Return the lines of the listing below exactly as they appear, beginning at the one with "Технология и машины" and stopping after the one with "Since the race"; do not include pictures.

Records to use:
★ ★ ★

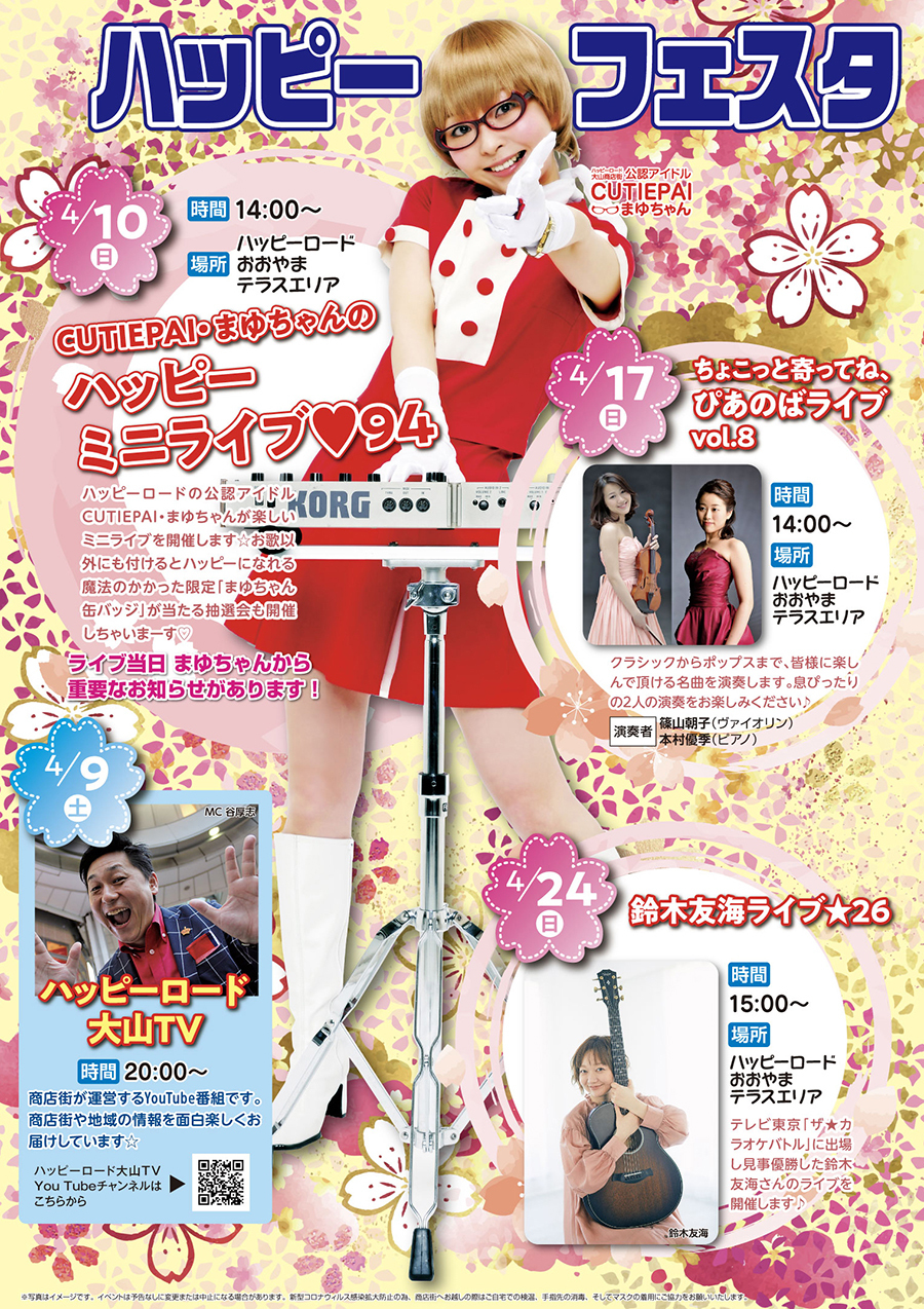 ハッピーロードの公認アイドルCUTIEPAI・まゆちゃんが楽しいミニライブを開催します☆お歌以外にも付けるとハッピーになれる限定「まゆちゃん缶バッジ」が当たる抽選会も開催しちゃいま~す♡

★ ★ ★

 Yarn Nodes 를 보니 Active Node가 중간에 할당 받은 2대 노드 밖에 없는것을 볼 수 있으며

★ ★ ★

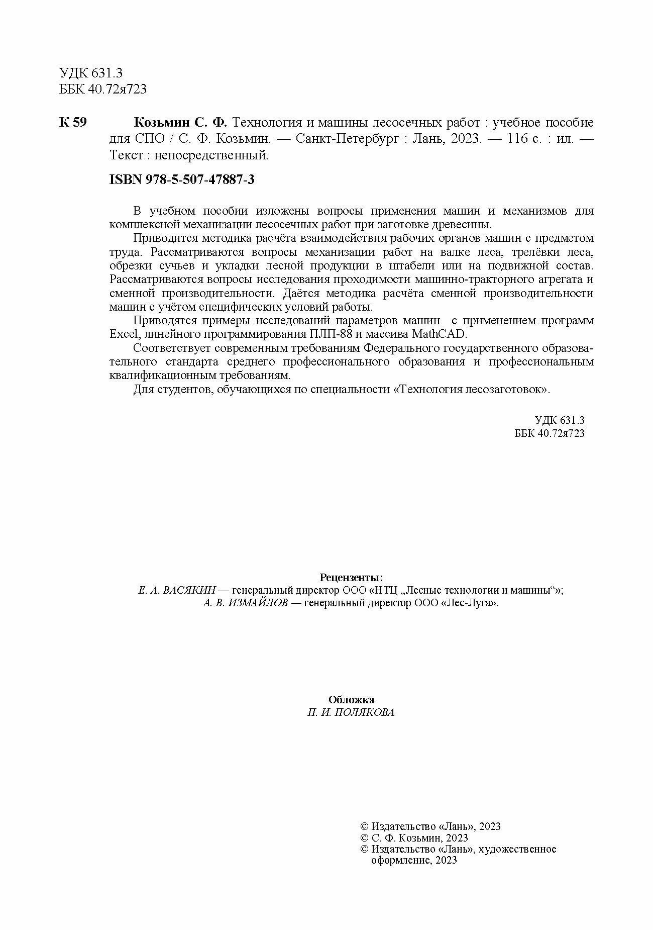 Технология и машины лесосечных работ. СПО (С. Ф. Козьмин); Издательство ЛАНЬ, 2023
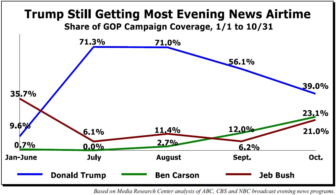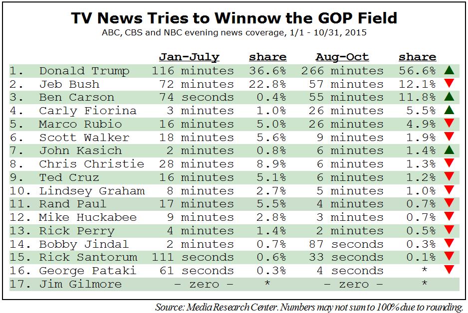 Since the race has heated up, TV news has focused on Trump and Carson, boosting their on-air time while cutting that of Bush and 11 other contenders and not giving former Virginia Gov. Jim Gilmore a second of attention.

★ ★ ★

Answer section:
 Технология и машины лесосечных работ. СПО (С. Ф. Козьмин); Издательство ЛАНЬ, 2023
 Since the race has heated up, TV news has focused on Trump and Carson, boosting their on-air time while cutting that of Bush and 11 other contenders and not giving former Virginia Gov. Jim Gilmore a second of attention.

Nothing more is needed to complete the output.